Checkin out the OpenAI Baselines
These are my notes on trying to edit the opeai baselines codebase to balance a cartpole from the down position. They are pretty scattered.
First I just run the built in examples to get a feel and try out deepq networks.
The PPO algorithm at the bottom is the reccommended one still I think. I got the pole kind of upright and would balance for a couple seconds maybe. Work in progress. The ppo example has some funky batching going on that you need to reshape your observations for.

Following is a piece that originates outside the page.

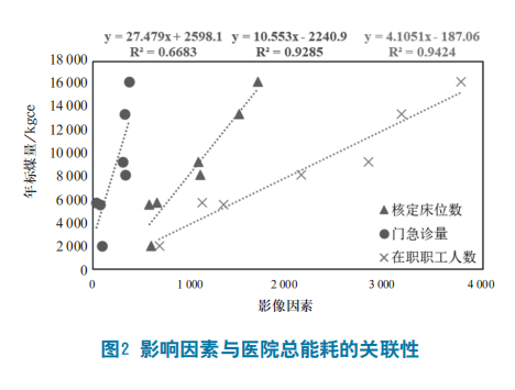 2.2 医院能耗与影响因素的关系

https://github.com/openai/baselines
Some of these are ready to roll on anything you throw at them
They use python3.
pip3 install tensorflow-gpu
pip3 install cloudpickle
running a deepq cartpole example
checkout source
https://github.com/openai/baselines/blob/master/baselines/deepq/experiments/train_cartpole.py
act = deepq.learn(
env,
q_func=model,
lr=1e-3,
max_timesteps=100000,
buffer_size=50000,
exploration_fraction=0.1,
exploration_final_eps=0.02,
print_freq=10,
callback=callback
)
what is all this shit.
Has quickly suppressed exploration
has a clear upward trend. But the increase dies off at episode 300 or so. Learning rate decay?
took around 300 episodes to reach reward 200
python3 -m baselines.deepq.experiments.enjoy_cartpole
Pretty good looking
The pong trainer is now called run_atari.py
sudo apt install python3-opencv
Hmm. Defaults to playing breakout actually. Highly exploratory at first. Still basically totally random after a couple mins
The buffer size is actually smaller than I’d expected. 10000?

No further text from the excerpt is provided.